You’ve made a lot of illustrations for American Girl Magazine. How did this collaboration start and what are your thoughts on it?
Yeah, I've been collaborating with American Girl Magazine for already five years now, and it's been a huge pleasure! I got really lucky on this… a wonderful art director that worked there saw my work online, liked it and decided to offer me a small project. She doesn't work at American Girl anymore, but I'll be forever grateful to her for giving me a chance when I was a newbie.

Your illustrations always seem to have a story to tell. Do you ever consider writing an illustrated book of your own one day?
I have illustrated three books already, but none of them was narrative, and it's a challenge I really look forward to. It would be a dream come true to illustrate a children's book, for example. When I'm doing illustrations for fun, in my sketchbook, I always tend to tell little stories inside them. I play with little details and exchanges between characters that let you make up your own story about what's happening. But somehow I've never considered myself a storyteller. I guess I should challenge myself to write my own book.

Okay, now you’re working as a freelance illustrator. How do you manage your work schedule/time? Was it ever overwhelming?
I work from home, so it can be a little complicated to separate work and life, specially when I'm working on a big job like a book. In those periods, it can be a little overwhelming, I must admit. But I try doing my best to unplug at the end of the work day, get out of the house for a while and spend time with friends. I need that to maintain a healthy mind. Sometimes I consider renting a separate studio in a shared space, which would help on managing a work schedule. But at the same time, I love working from home.

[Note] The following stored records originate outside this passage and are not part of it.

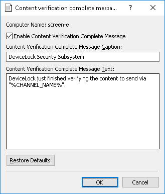 You can define a Content verification complete message to be displayed to users when DeviceLock completes content inspection of data copied to Removable Devices or TS Devices (Mapped drives).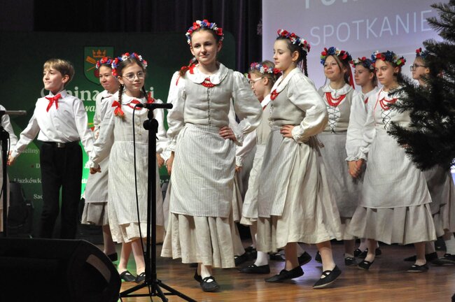 Następnie na scenę wkroczył Dziecięcy Zespół Folklorystyczny „Jabłoneczka” działający przy Gminnym Ośrodku Kultury w Sadkach pod kierunkiem Eweliny Gondek, który zaprezentował bogaty program artystyczny.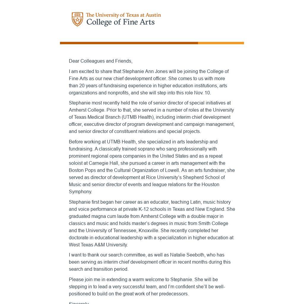 I am excited to share that Stephanie Ann Jones will be joining the College of Fine Arts as our new chief development officer. She comes to us with more than 20 years of fundraising experience in higher education institutions, arts organizations and nonprofits, and she will step into this role Nov. 10.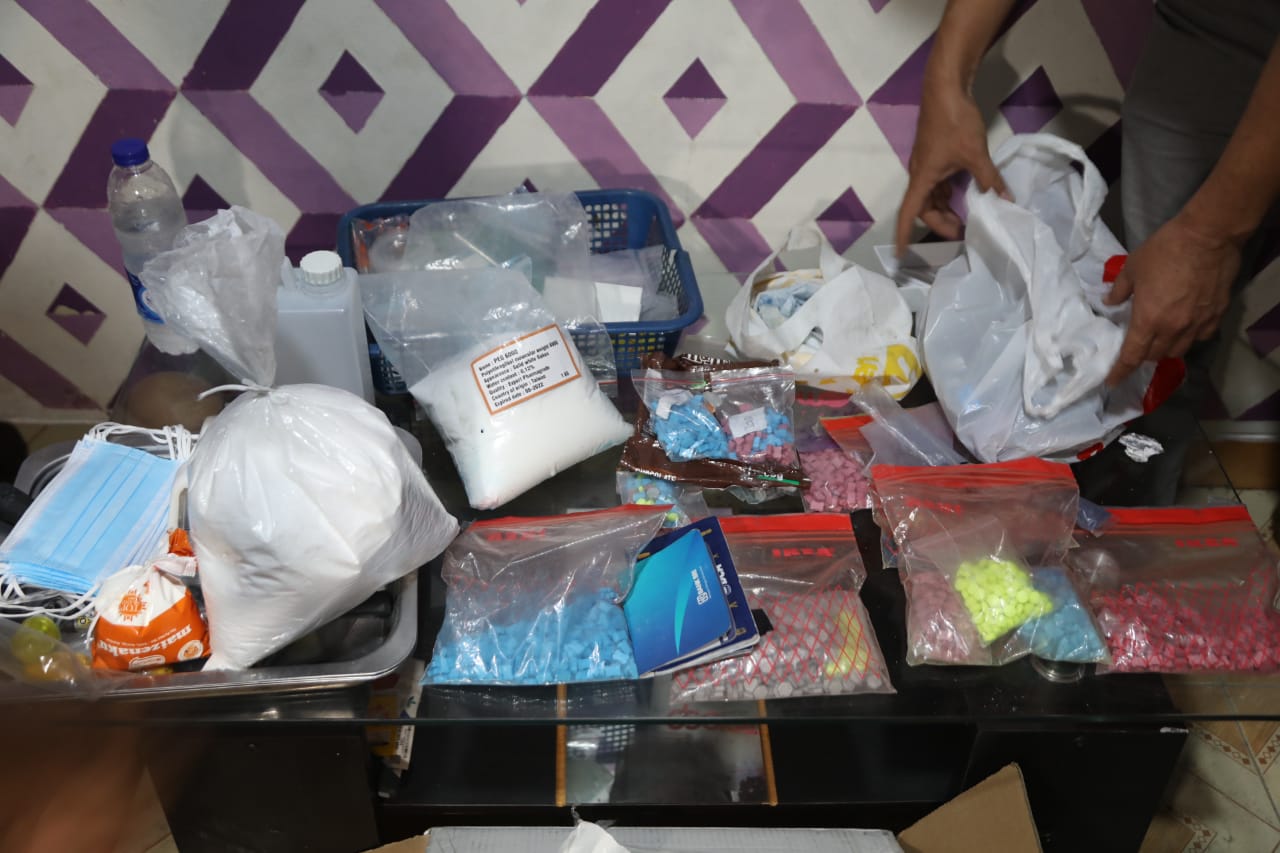 Lanjut Wahyu, “Personel menemukan 1850 butir saat melakukan penggeledahan di TKP. Dalam waktu yang sama, petugas juga menemukan 1 buah palu karet, 2 buah palu cetak, 1 buah timbangan, 4 set logo cetakan inex, 1 toples d-Basf (acetaminophen), Alat Pembuat (Prekursor) dan barang bukti lainnya.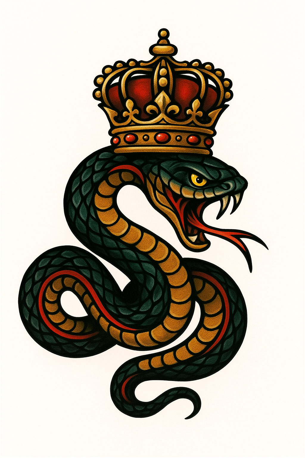 A striking graphic featuring a snake with a regal crown, showcasing bold colors and detailed line work. Ideal for tattoo designs or illustrative art.

The fact that I can work in my pyjamas if I feel like it is pretty cool!


Aside from illustrations, you seem to have an apt for knitting. Would you ever combine the two together?
Yeah, I love knitting a lot. My grandma taught me the basics when I was a kid, but I only became obsessed a few years ago. It's very different from illustration, but at the same time they're both really creative activities. I really enjoy designing my own sweaters or hats, and creating pieces of clothing out of nowhere, it's a lot of fun with the bonus of being useful. I haven't been able to knit much this summer, it's been awfully hot in Madrid and well, wool and heat don't mix well. But I have plans to mix my illustration and knitting very soon, I want to design a pair of mittens, probably with something cat related. 

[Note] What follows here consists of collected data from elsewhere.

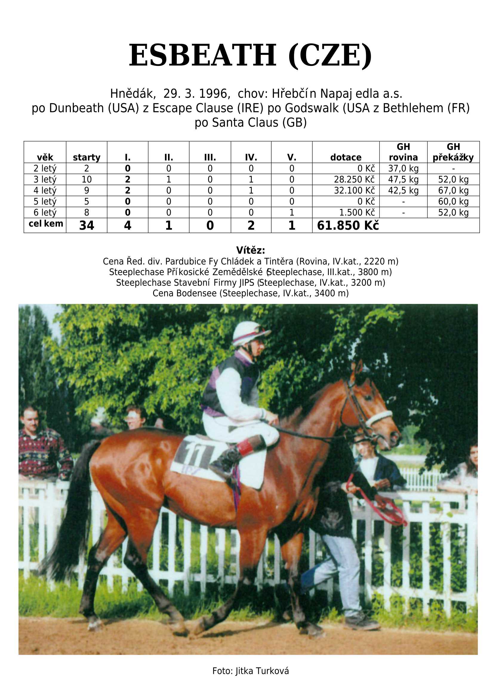 Hnědka BATHORY (IRE) (Celtic Swing) na dráze startovala 3-4 letá celkem 8x. Získala 2 vítězství, ale největším úspěchem bylo druhé místo v Cene Whisky (I.kat). Žádná super hvězda, ale ani se zcela neztratila.
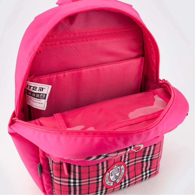 Стильный школьный рюкзак Kite College Line K19-719M-1 сделан из полиэстера ярко-розового цвета с фактурной отделкой в клетку. Стиль Колледж Лайн дополняет фирменная эмблема, а бантик и подвеска в виде сердца добавляют дизайну романтичности. Модель разработана для девочек 6-10 лет.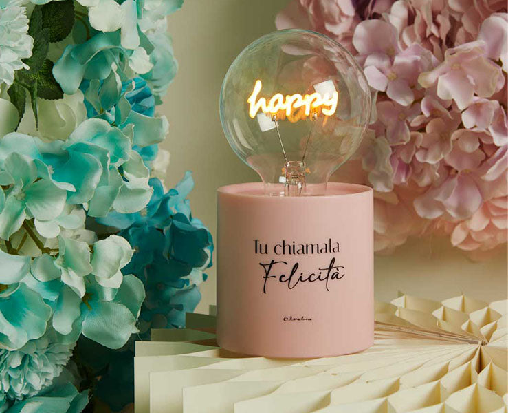 La lampadina trasparente si accende rivelando un filamento luminoso a forma della parola “happy”, trasformando questa lampada in un simbolo di gioia, amore e nuovi inizi. Con il suo stile minimal e romantico, è perfetta per decorare camere da letto, salotti, studi e angoli relax.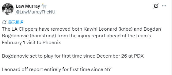 快船利好!莱昂纳德博格达诺维奇移出伤病报告 对阵太阳均可出战
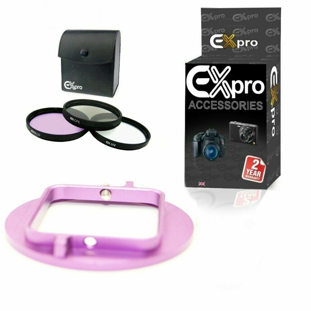 Ex-Pro Filter adapter to 52mm std lens UV CPL FLD PurpleFits GoPro Hero 3 3+ 4

How does the future look like for Julia Bereciartu?
The last few weeks have been exciting, as I recently published a new book with American Girl and a new toy with Djeco. And I'm currently negotiating two new possible projects that I really look forward to. Besides that, I hope the future brings new exciting work, lots of afternoons with my sketchbook, long bike rides (now that the weather is cooling down) and X-Files marathons. And hopefully another kitty to play with Maggie (but I still have to convince my partner on that, hehe).

What kind of advice would you give all the newbie illustrators out there, including me?
Work hard but don't forget to play.

A little note from me

Whether with watercolour or digital softwares, Julia's artwork seems to have a certain playful element to it. It invites us to look closer in a friendly tone and light heart. I love just how neat her colouring is, whatever material she uses. The colours she chooses always seem to be so soft and friendly to the eyes, not at all too challenging to look at, which adds up to the warm and friendly aesthetic her pieces seem to emanate. I also adore her ability to illustrate ladies in all shapes, sizes and colours looking effortlessly beautiful, like real women do. She has this amazing gift to make textures come alive without too many complicated and tedious details, which, I must say, isn't something everyone has. Although not shown here, she also has an apt for creating adorable patterns - as witnessed on her blog - as well as knitting patterns. A gal with many talents, that's what she is.